Single-minded determination came in handy in some situations, but in this case it wouldn’t change his mind. Rather then state his reasons again, he latched onto something else she said. “What about you? Did you go because you wanted to or because your father wanted you to?” In his opinion far too many people attended college because their parents’ expected it rather than because they had a clue as to what they wanted out of life.
Mia’s hand stilled on his arm and she tilted her head to one side. “A little of both. By the time Family Life ended I was eighteen. I’d been on the show for eight years and had done two movies. I needed a break from Hollywood. Don’t get me wrong, I loved doing the show, but growing up on television was hell. I wanted something normal again. College seemed like the logical choice, but it just wasn’t for me.”
“How could growing up while making more money per episode than most people make in a year be hell? Compared to what some people deal with, it seems like a walk in the park.”
“Most people only see the fame and fortune associated with Hollywood. Unless they’ve experienced it, they don’t know about the pressure and the abuses. Drugs and alcohol are everywhere. A lot of the friends I made early in my career got addicted and their careers tanked. One really good friend from the show overdosed and died halfway through season six.”
Though not a huge fan of Family Life, he remembered when the actress she referred to died. The media had portrayed her as a party girl who had let her fame go to her head. “You survived it though.” He couldn’t recall any negative media attention attached to Mia. Rather, the media portrayed her as the perfect Hollywood sweetheart.
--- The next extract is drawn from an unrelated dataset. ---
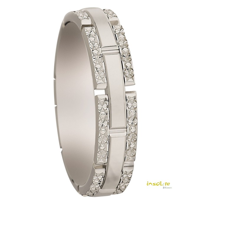 Alliance Or blanc palladié 9 carats 750/1000 - Finition polie -Effet diamanté- Créateur pfertzel Fairbelle Label joaillerie de France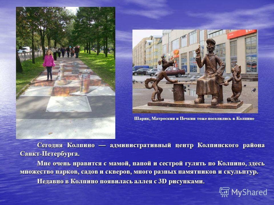 Сегодня Колпино административный центр Колпинского района Санкт-Петербурга. Мне очень нравится с мамой, папой и сестрой гулять по Колпино, здесь множество парков, садов и скверов, много разных памятников и скульптур. Недавно в Колпино появилась аллея с 3D рисунками. Шарик, Матроскин и Печкин тоже поселились в Колпино

“I had my own struggles, trust me, just not with drugs,” Mia answered. “In Hollywood there is no such thing as too thin. When I turned thirteen I had this birthday bash. Some photographer took a picture of me eating this huge slice of cake and it appeared on the cover of The Inquisitor with the headline ‘Someone’s going to need a new swimsuit soon.’ After that I started dieting like crazy. Eventually, I only thought about food and exercising. I weighed myself every day. The writers had to make up a new storyline for several episodes because I ended up in the hospital. That was my first bout with anorexia.” Mia paused to take in a breath. “I kept it together for three years. When I turned sixteen, I had a sudden growth spurt. The media swooped in and I became obsessed with how I looked again. I spent three weeks in the hospital and months in therapy after that. Somehow it all stayed out of the media. Outside of my family and a few other people, and now you, no one knew about any of that.”
Her willingness to share such personal information touched him. In fact he’d only had one relationship develop enough that he’d even considered sharing such intimate details. At the time he’d thought he’d met “the one.” She’d been a woman he’d met while taking a college night course. He’d discovered just how wrong he’d been when she let him know she could never make a permanent commitment to someone still living with his mother. She’d given him the ultimatum: either her or his mom. After all his mom had been through, he couldn’t up and leave her. She depended on him, and with his sister in the Navy, he was all she had. So ever since that one relationship, he only dated women from the area. Women that knew up front that his life would always be in North Salem and at The Victorian Rose.
“I have kept a handle on it since then, but it’s hard sometimes even now. Every once in a while I catch myself starting to slip into old habits, like when that magazine claimed I was pregnant.”
“You have nothing to worry about. You’re gorgeous. You know that, don’t you?” Society’s obsession with image baffled him.
Mia shrugged, her eyes back on the game. “Sometimes demons are hard to keep under lock and key.”